- [Dataset extract]
= = =

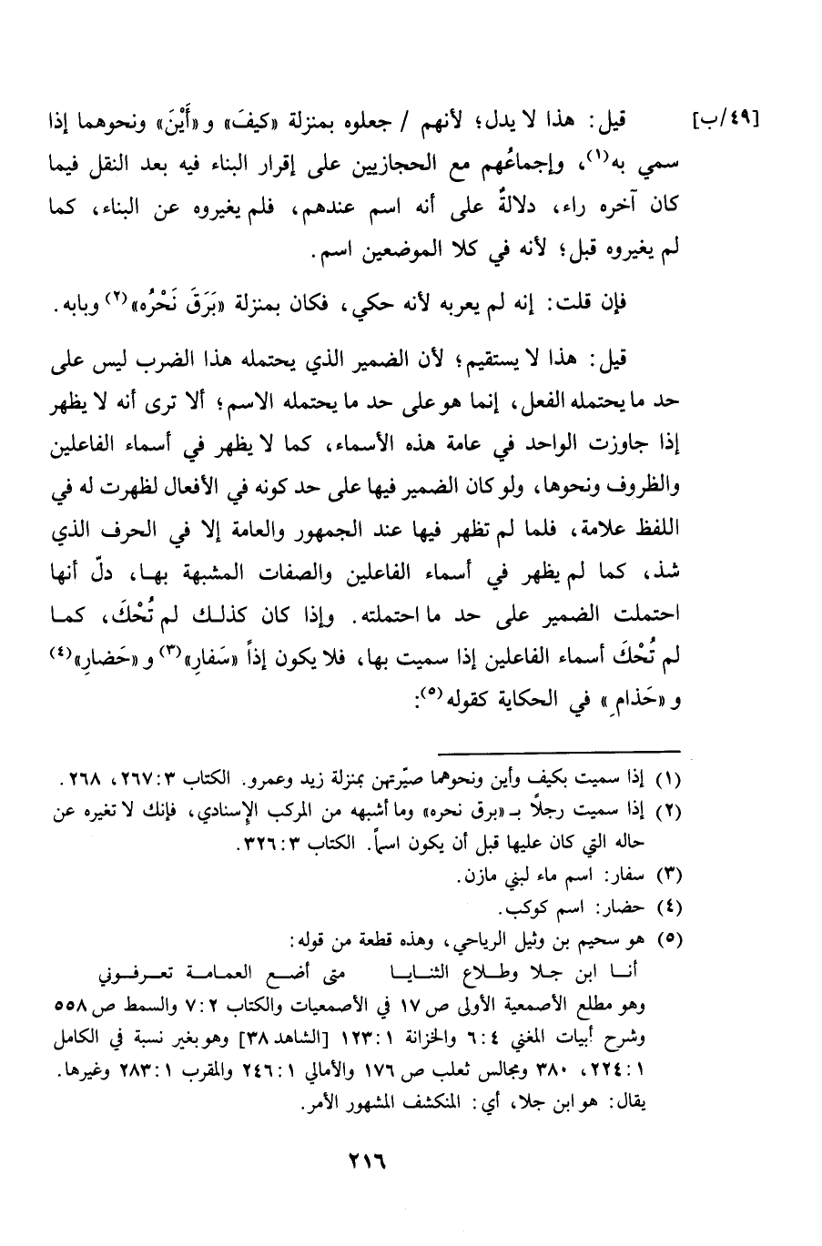 قيل: هذا لا يستقيم؛ لأن الضمير الذي يحتمله هذا الضرب ليس على حد ما يحتمله الفعل، إنما هو على حد ما يحتمله الاسم؛ ألا ترى أنه لا يظهر إذا جاوزت الواحد في عامة هذه الأسماء، كما لا يظهر في أسماء الفاعلن والظروف ونحوها، ولو كان الضمير فيها على حد كونه في الأفعال لظهرت له في اللفظ علامة، فلما لم تظهر فيها عند الجمهور والعامة إلا في الحرف الذي شذ، كما لم يظهر في أسماء الفاعلين والصفات المشبهة بها، دلّ أنها احتملت الضمير على حد ما احتملته. وإذا كان كذلك لم تُحْكَ، كما لم تُحْكَ أسماء الفاعلين إذا سميت بها، فلا يكون إذاً "سَفارِ" و "حَضارِ" و "حَذامِ" في الحكاية كقوله:
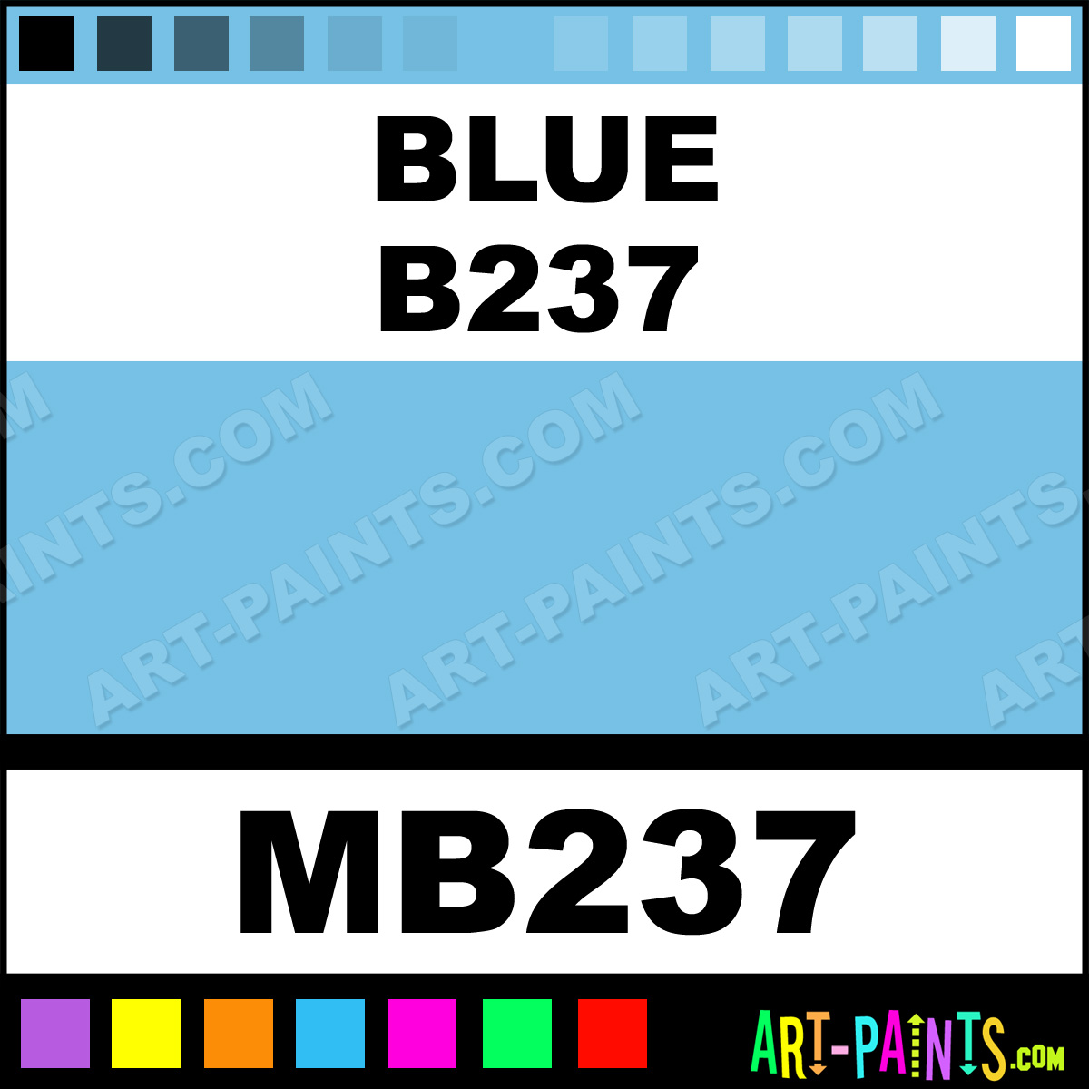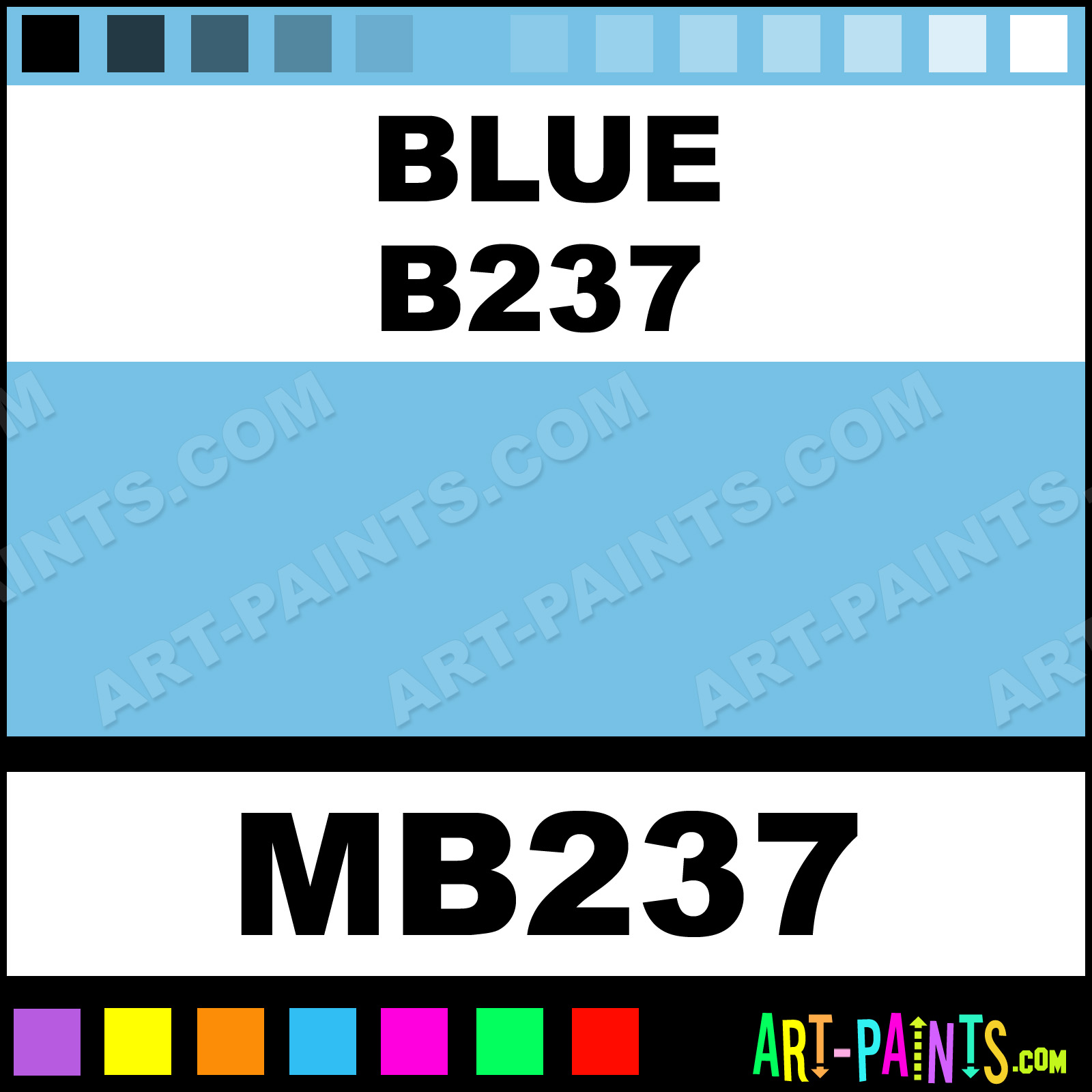 This beautiful Tria Pens Paint Marker shade is called Blue B237, and comes from a company called Letraset. Their product number, along with the HTML color code, RGB, and CMYK codes are listed below. This Beautiful Shade of Blue B237 and other Paintmarkers can be found in the Letraset Tria Pens Art Paint Marking Pen Gallery! Also be sure to browse through the other wonderful Paintmarker Professional Color Galleries to see more of Letraset Tria Pens Paint Marker Brand Paints and other Marking Pen Paint Manufacturers. And as always, Paint Paint Paint!  -Art-Paints.com
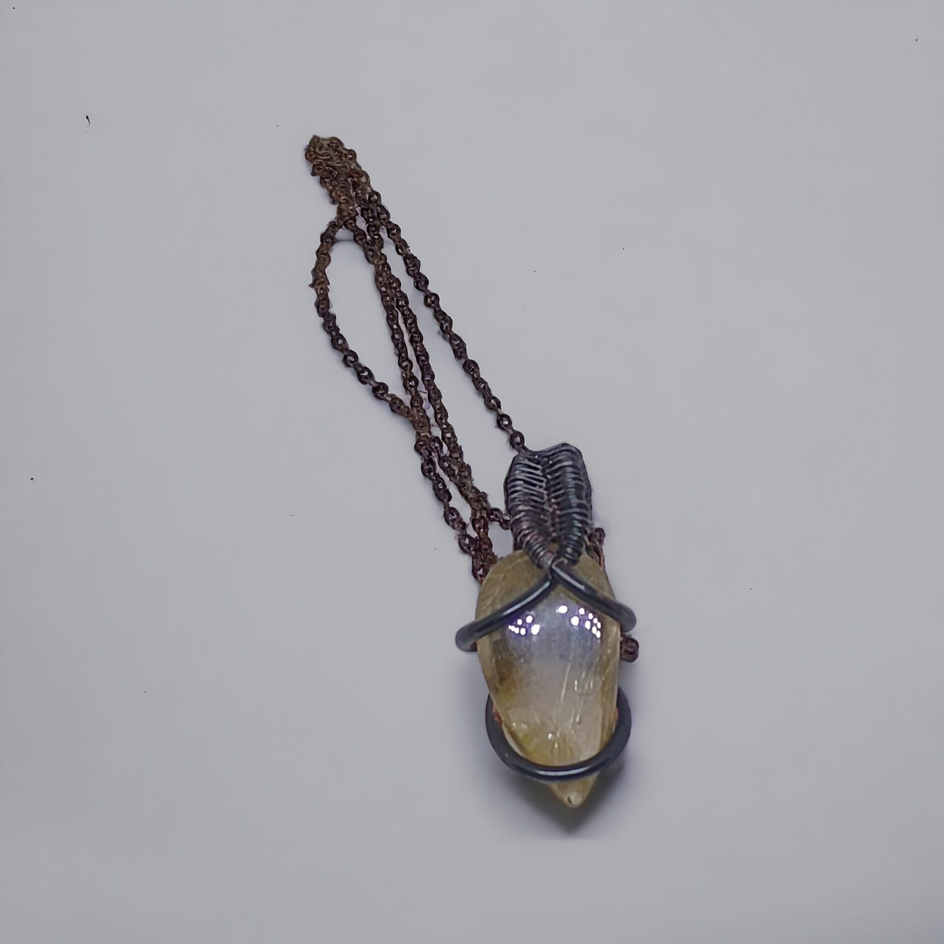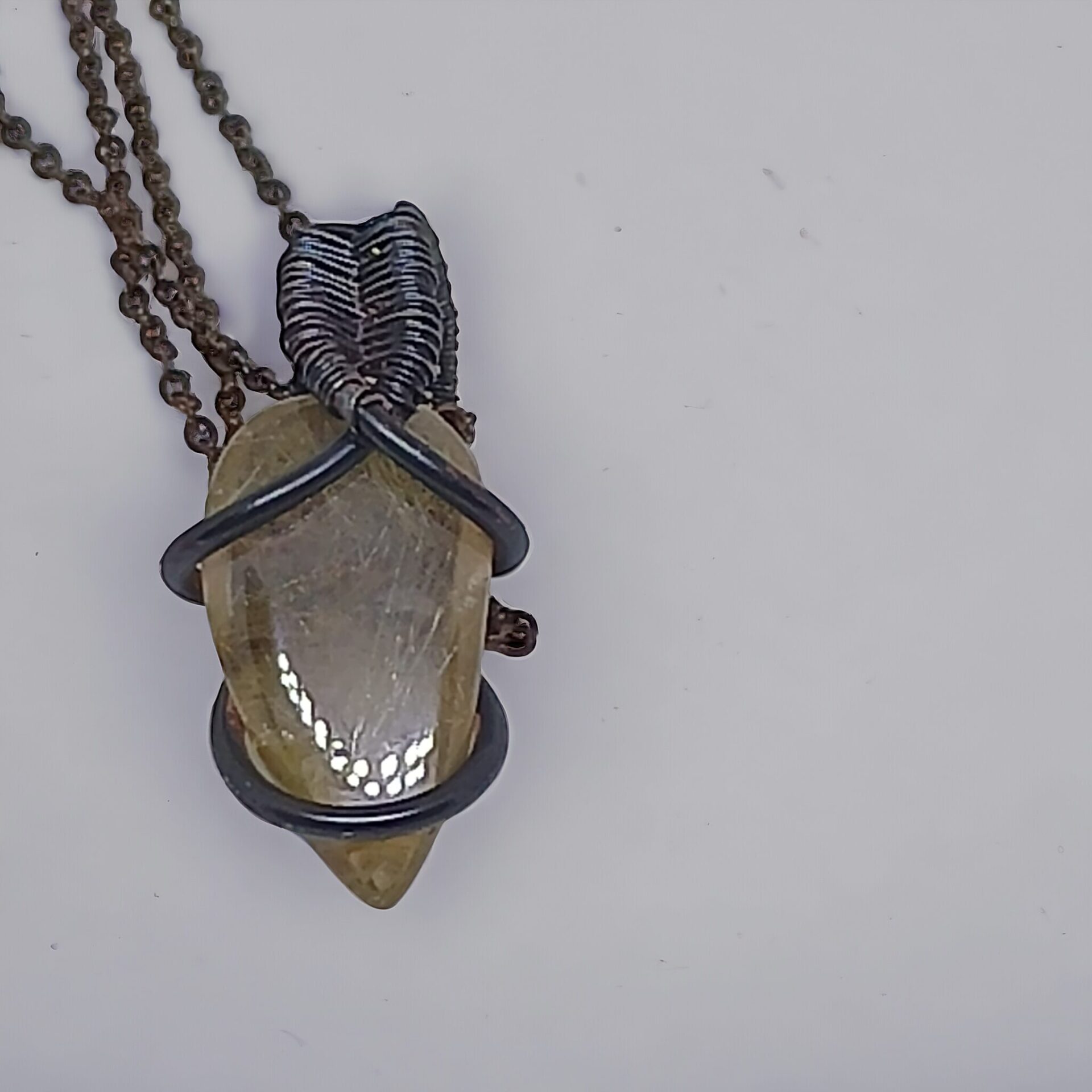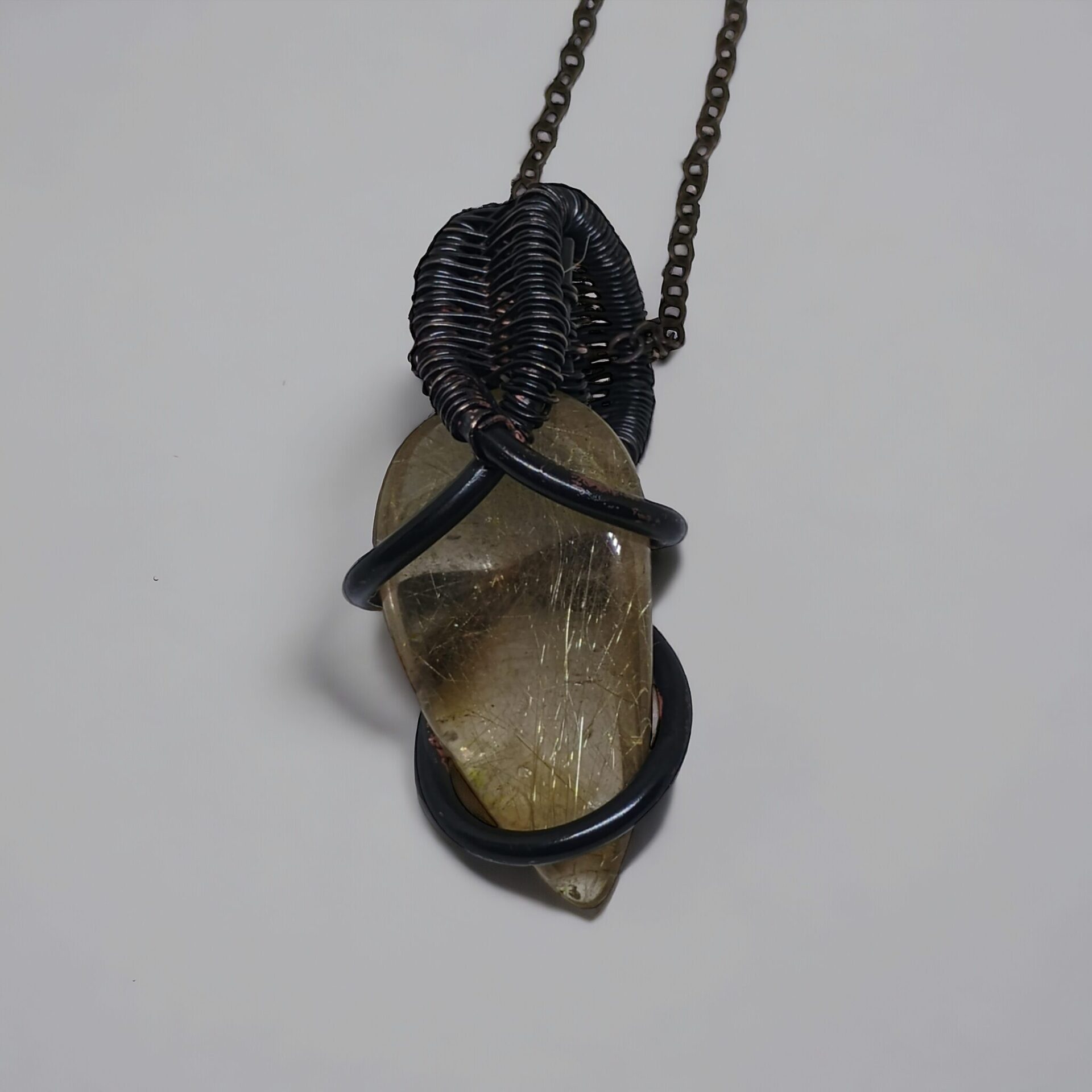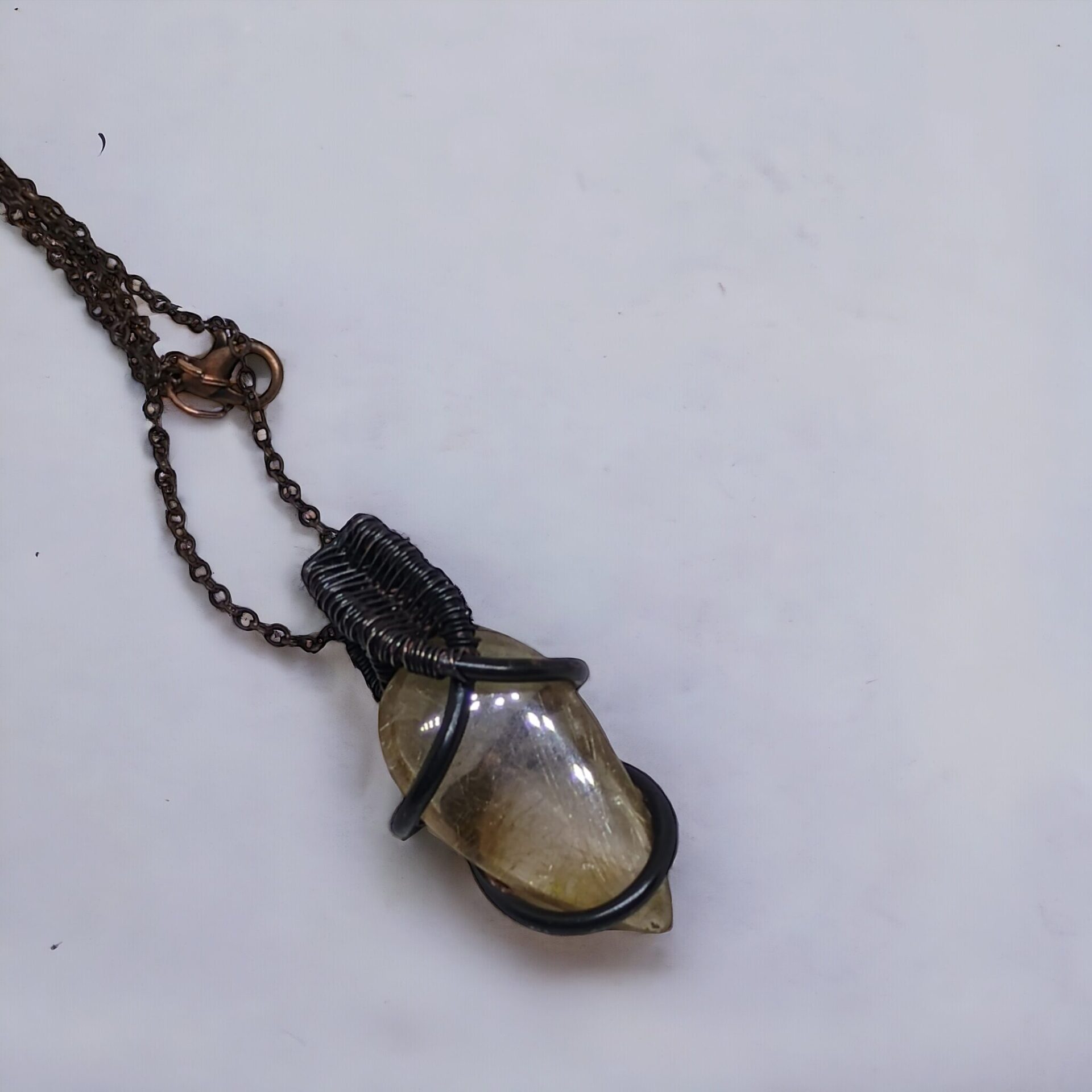 Wisiorek z Kwarcu Rutylowego posiada delikatne złote inkluzje wykonany z miedzi na łańcuszku.Pokryty oksydą w celu nadania efektu patyny.Zrobiony metodą wire wrapping.Długość wisiorka 3 cm łańcuszka 45 cm.Zamiast łańcuszka mogę dodać rzemień,jak i dopasować długość łańcuszka.
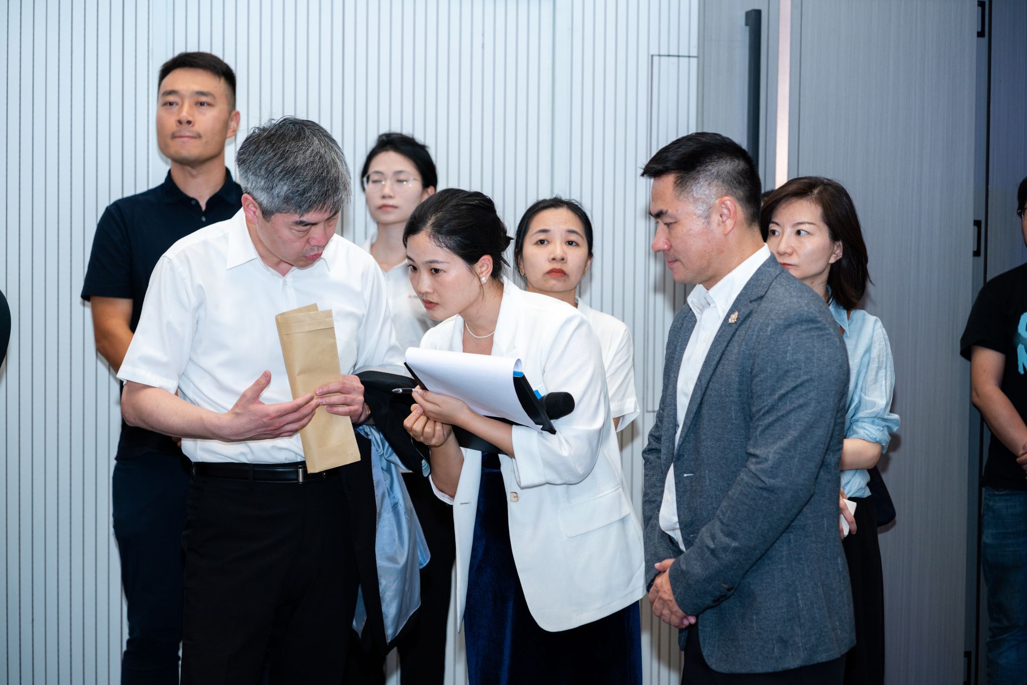 黎娅玲老师和文昌航天超算中心叶世阳董事长进行讲话前翻译沟通

= = =

- [Exercise aim]
From the line with "This beautiful Tria" through the final line of the data above, copy everything exactly, both ends included, but not the pictures.

- [Answer space]
 This beautiful Tria Pens Paint Marker shade is called Blue B237, and comes from a company called Letraset. Their product number, along with the HTML color code, RGB, and CMYK codes are listed below. This Beautiful Shade of Blue B237 and other Paintmarkers can be found in the Letraset Tria Pens Art Paint Marking Pen Gallery! Also be sure to browse through the other wonderful Paintmarker Professional Color Galleries to see more of Letraset Tria Pens Paint Marker Brand Paints and other Marking Pen Paint Manufacturers. And as always, Paint Paint Paint!  -Art-Paints.com
 Wisiorek z Kwarcu Rutylowego posiada delikatne złote inkluzje wykonany z miedzi na łańcuszku.Pokryty oksydą w celu nadania efektu patyny.Zrobiony metodą wire wrapping.Długość wisiorka 3 cm łańcuszka 45 cm.Zamiast łańcuszka mogę dodać rzemień,jak i dopasować długość łańcuszka.
 黎娅玲老师和文昌航天超算中心叶世阳董事长进行讲话前翻译沟通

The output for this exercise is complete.